Records provided:
══════════
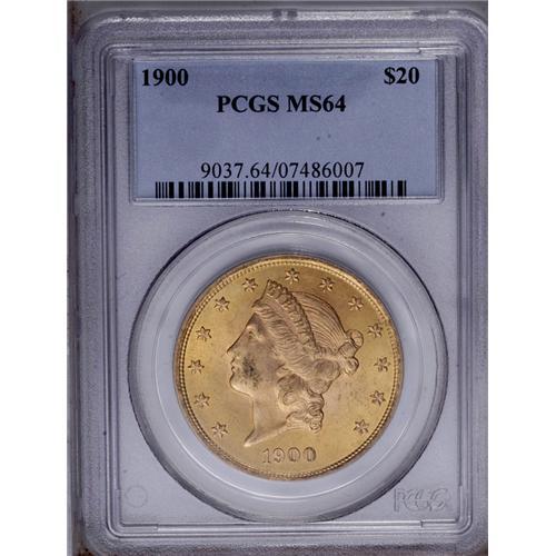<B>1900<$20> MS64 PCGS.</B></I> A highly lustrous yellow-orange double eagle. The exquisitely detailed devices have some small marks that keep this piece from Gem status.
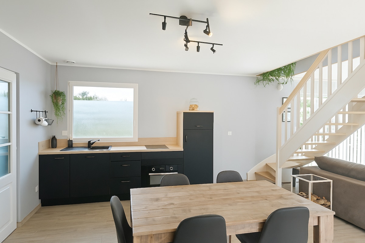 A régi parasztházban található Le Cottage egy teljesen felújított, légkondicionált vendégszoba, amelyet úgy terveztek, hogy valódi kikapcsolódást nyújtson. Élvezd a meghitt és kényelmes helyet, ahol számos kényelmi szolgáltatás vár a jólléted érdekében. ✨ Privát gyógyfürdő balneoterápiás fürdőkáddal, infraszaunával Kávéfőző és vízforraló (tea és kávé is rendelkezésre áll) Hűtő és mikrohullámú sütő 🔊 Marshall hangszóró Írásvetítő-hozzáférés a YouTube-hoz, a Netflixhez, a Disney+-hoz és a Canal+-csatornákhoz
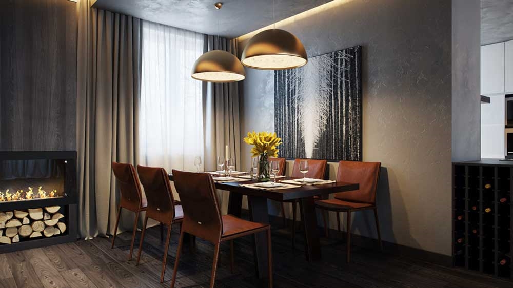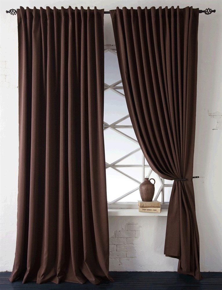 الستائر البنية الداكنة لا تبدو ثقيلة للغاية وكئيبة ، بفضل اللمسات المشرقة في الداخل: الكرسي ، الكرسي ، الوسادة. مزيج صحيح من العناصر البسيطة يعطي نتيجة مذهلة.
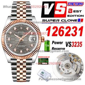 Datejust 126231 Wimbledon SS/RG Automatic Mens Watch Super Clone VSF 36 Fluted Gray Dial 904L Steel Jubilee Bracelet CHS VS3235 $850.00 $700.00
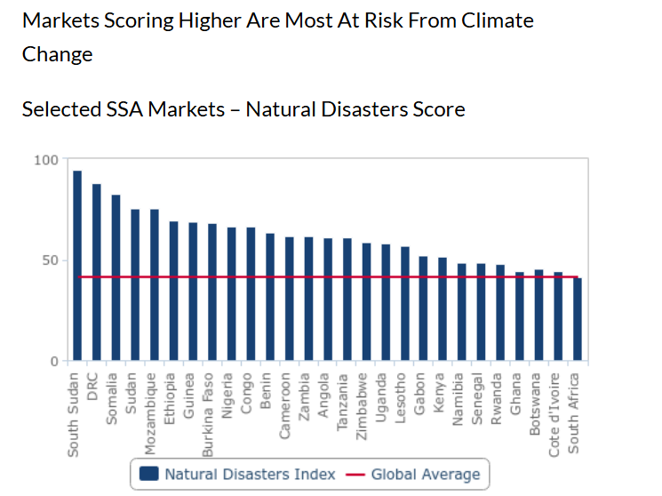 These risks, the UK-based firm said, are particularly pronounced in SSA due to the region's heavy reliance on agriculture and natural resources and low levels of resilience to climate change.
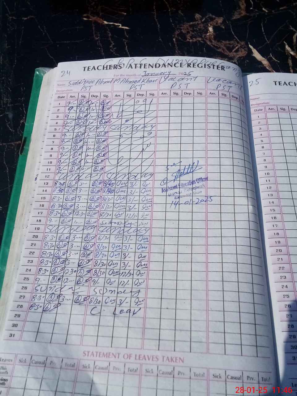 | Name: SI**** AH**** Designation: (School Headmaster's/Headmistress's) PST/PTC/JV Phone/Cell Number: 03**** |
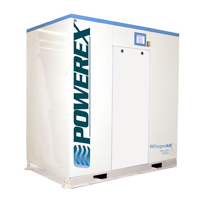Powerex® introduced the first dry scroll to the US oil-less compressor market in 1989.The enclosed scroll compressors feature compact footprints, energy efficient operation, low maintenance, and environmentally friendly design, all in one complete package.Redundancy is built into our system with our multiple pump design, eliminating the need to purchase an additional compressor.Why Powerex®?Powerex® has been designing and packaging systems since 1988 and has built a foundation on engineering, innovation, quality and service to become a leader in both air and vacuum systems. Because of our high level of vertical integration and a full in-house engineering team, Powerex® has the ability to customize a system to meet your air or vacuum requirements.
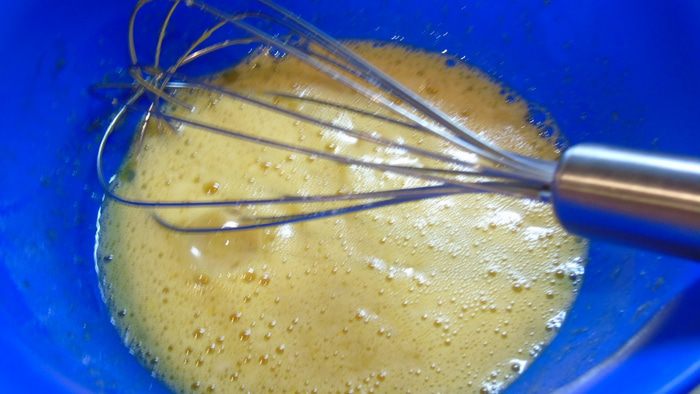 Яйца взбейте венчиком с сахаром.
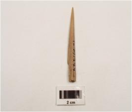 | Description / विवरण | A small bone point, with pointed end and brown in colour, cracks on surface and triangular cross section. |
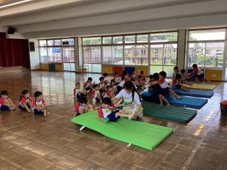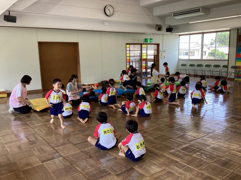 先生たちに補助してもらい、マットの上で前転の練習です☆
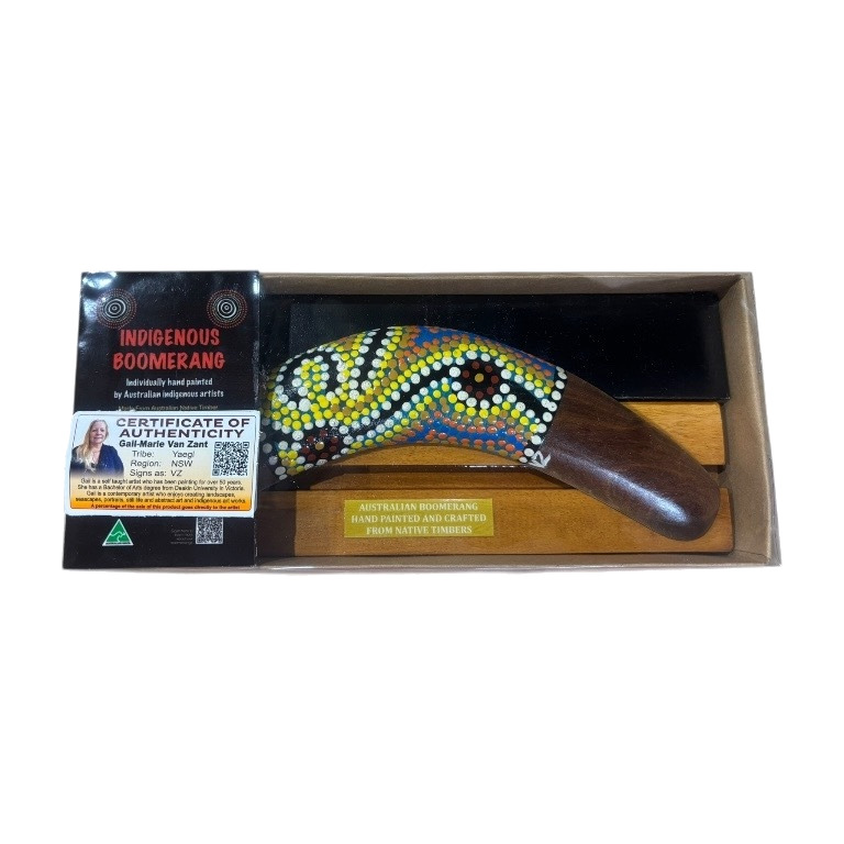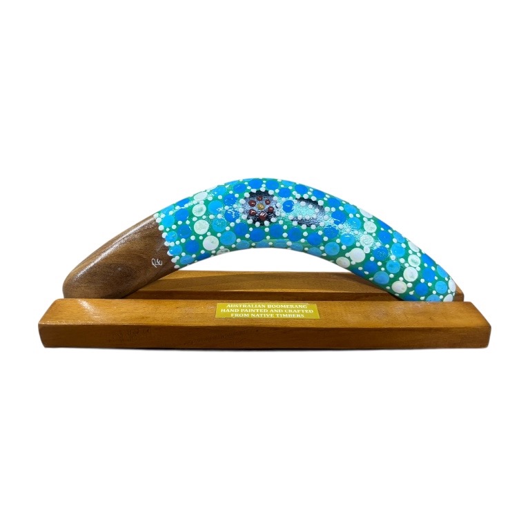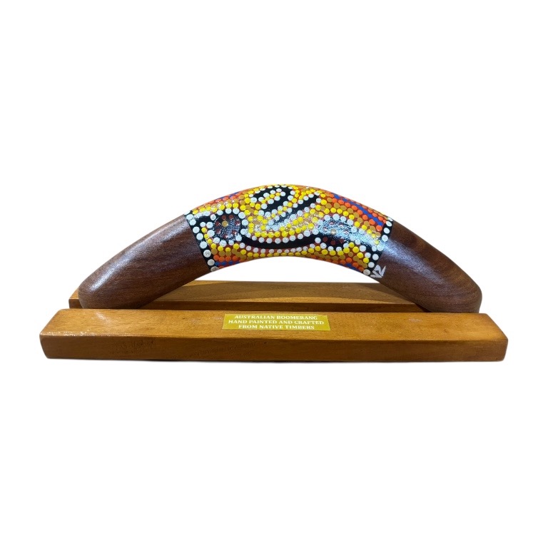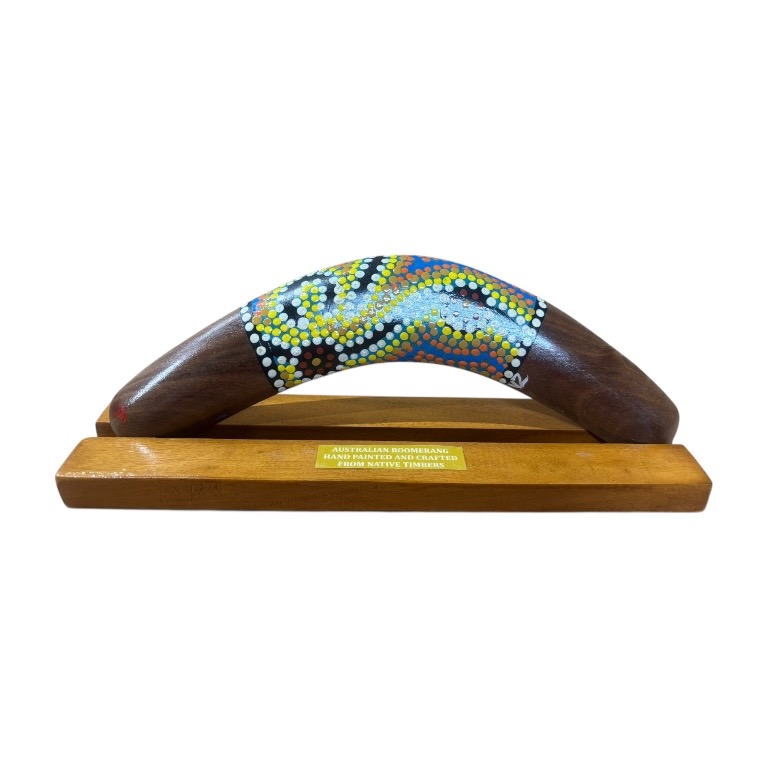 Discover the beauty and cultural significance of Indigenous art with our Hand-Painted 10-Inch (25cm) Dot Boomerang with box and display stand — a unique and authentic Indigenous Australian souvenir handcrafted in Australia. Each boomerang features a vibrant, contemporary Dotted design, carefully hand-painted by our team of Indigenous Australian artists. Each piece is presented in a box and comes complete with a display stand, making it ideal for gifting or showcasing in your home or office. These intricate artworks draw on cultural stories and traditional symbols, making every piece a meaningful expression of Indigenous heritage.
══════════
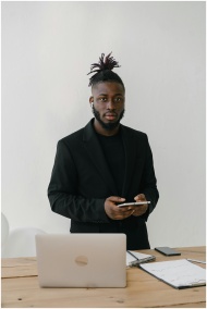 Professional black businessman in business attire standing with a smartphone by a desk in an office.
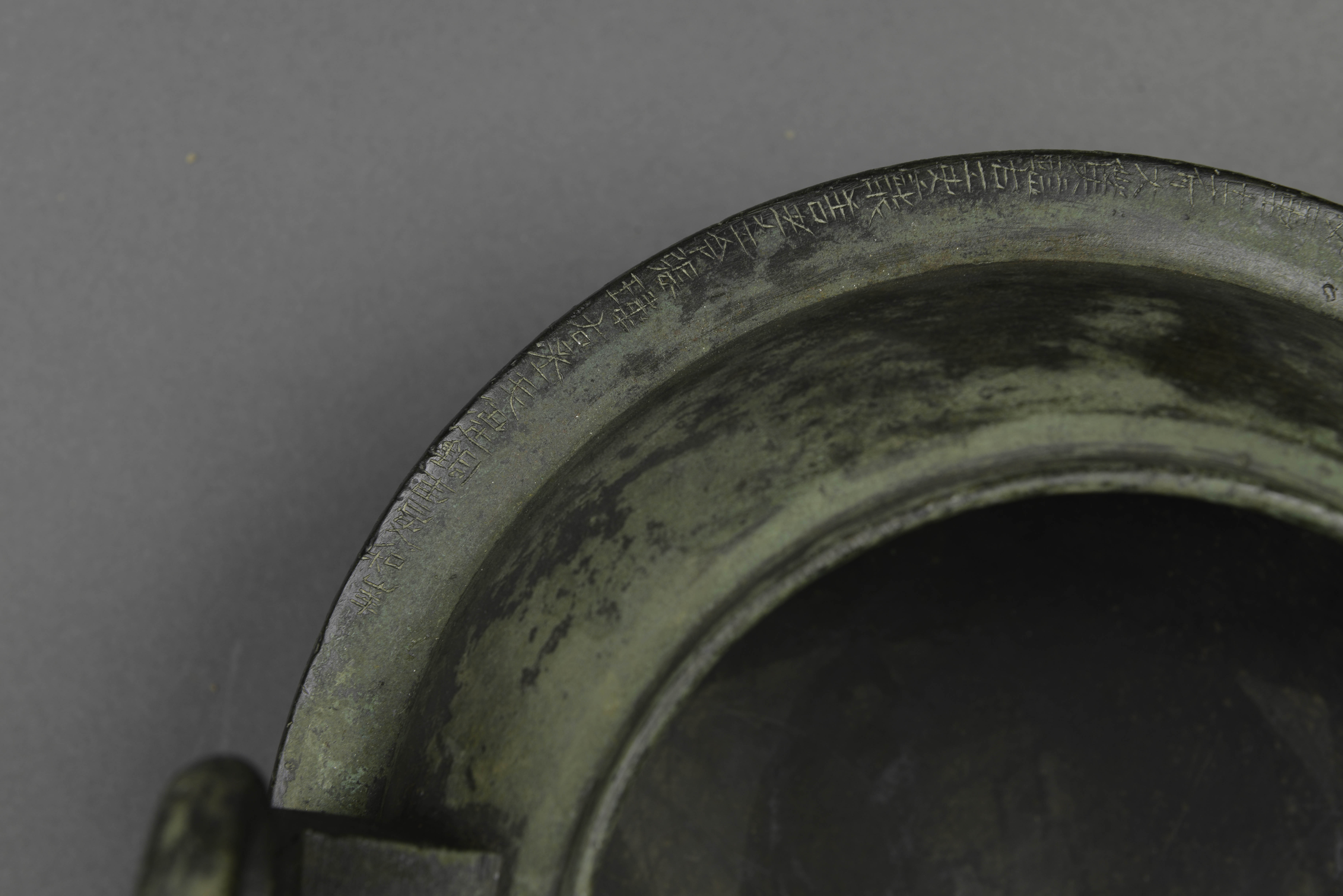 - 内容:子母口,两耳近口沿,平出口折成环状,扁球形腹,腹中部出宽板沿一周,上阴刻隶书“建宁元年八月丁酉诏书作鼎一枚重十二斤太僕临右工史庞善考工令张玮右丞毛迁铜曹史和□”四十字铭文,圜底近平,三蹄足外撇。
══════════
Exercise goal:
Reproduce, word for word, everything in the listing above from the line containing "cross section. |" down to the line containing "Discover the beauty", both of them included. No pictures.

Exercise solution:
 | Description / विवरण | A small bone point, with pointed end and brown in colour, cracks on surface and triangular cross section. |
 先生たちに補助してもらい、マットの上で前転の練習です☆
 Discover the beauty and cultural significance of Indigenous art with our Hand-Painted 10-Inch (25cm) Dot Boomerang with box and display stand — a unique and authentic Indigenous Australian souvenir handcrafted in Australia. Each boomerang features a vibrant, contemporary Dotted design, carefully hand-painted by our team of Indigenous Australian artists. Each piece is presented in a box and comes complete with a display stand, making it ideal for gifting or showcasing in your home or office. These intricate artworks draw on cultural stories and traditional symbols, making every piece a meaningful expression of Indigenous heritage.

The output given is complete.